### Source data ###

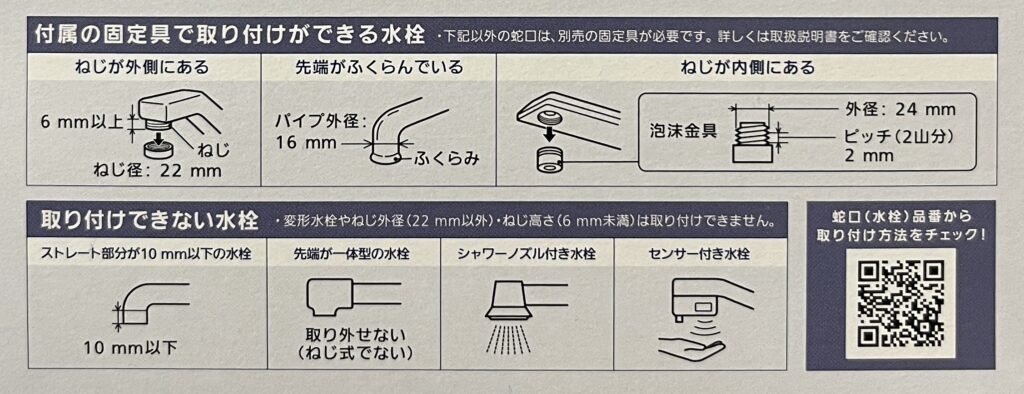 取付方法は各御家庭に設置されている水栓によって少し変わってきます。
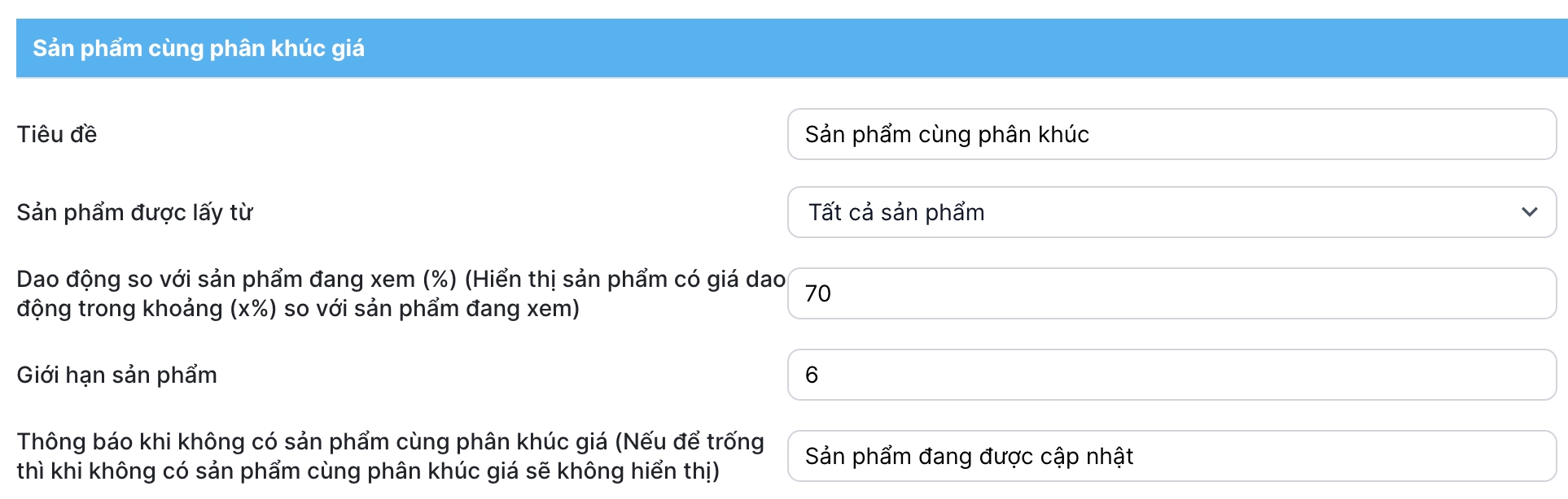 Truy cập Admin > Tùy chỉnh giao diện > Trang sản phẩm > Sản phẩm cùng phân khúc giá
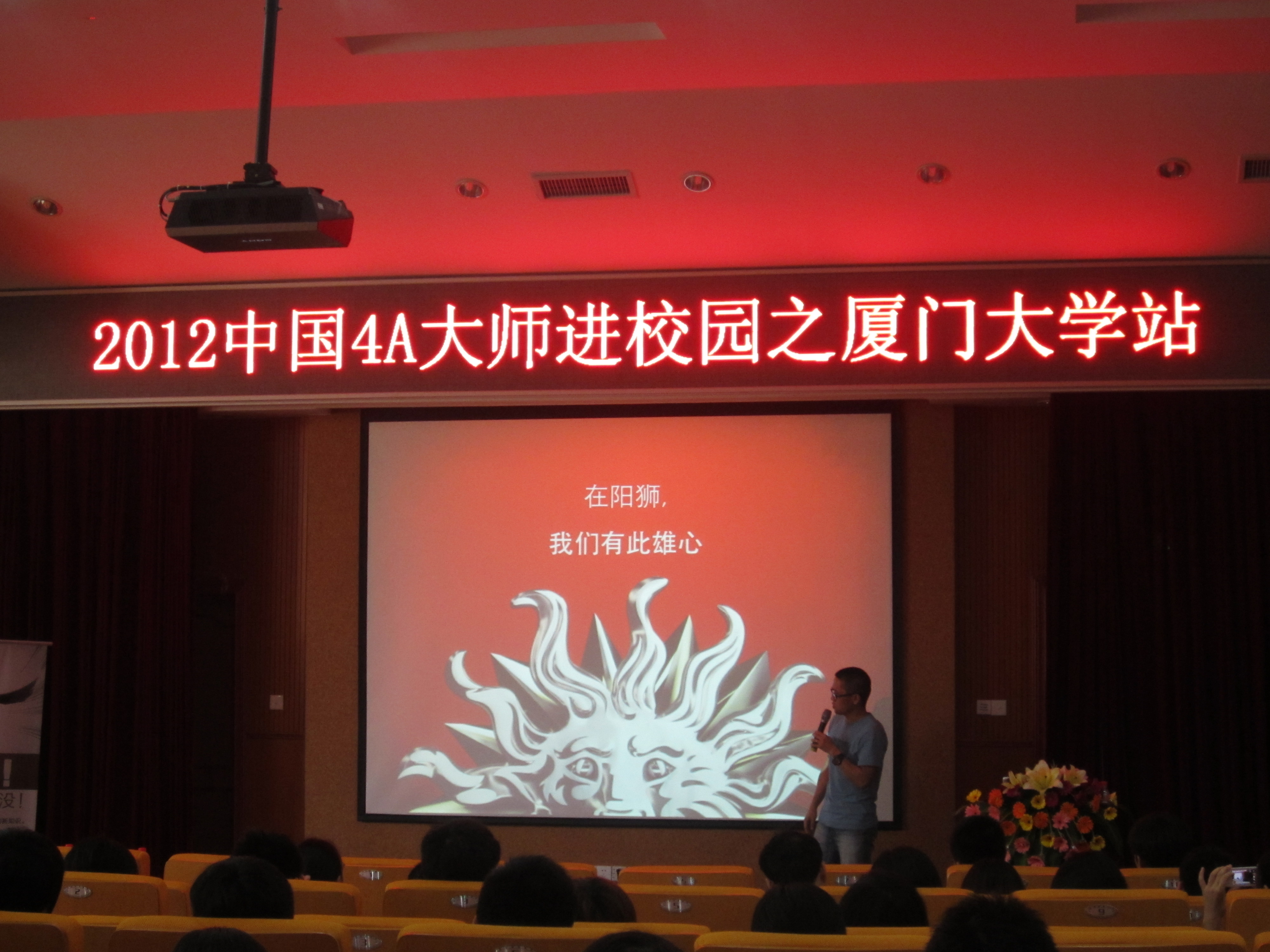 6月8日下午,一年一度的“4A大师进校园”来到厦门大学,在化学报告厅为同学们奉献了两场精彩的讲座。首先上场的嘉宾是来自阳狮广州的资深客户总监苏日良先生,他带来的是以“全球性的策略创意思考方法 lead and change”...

###

Problem description —
Your copy should run from the line that has "Truy cập Admin" through the last line above, exactly, with both ends in and pictures out.

Output of the exercise —
 Truy cập Admin > Tùy chỉnh giao diện > Trang sản phẩm > Sản phẩm cùng phân khúc giá
 6月8日下午,一年一度的“4A大师进校园”来到厦门大学,在化学报告厅为同学们奉献了两场精彩的讲座。首先上场的嘉宾是来自阳狮广州的资深客户总监苏日良先生,他带来的是以“全球性的策略创意思考方法 lead and change”...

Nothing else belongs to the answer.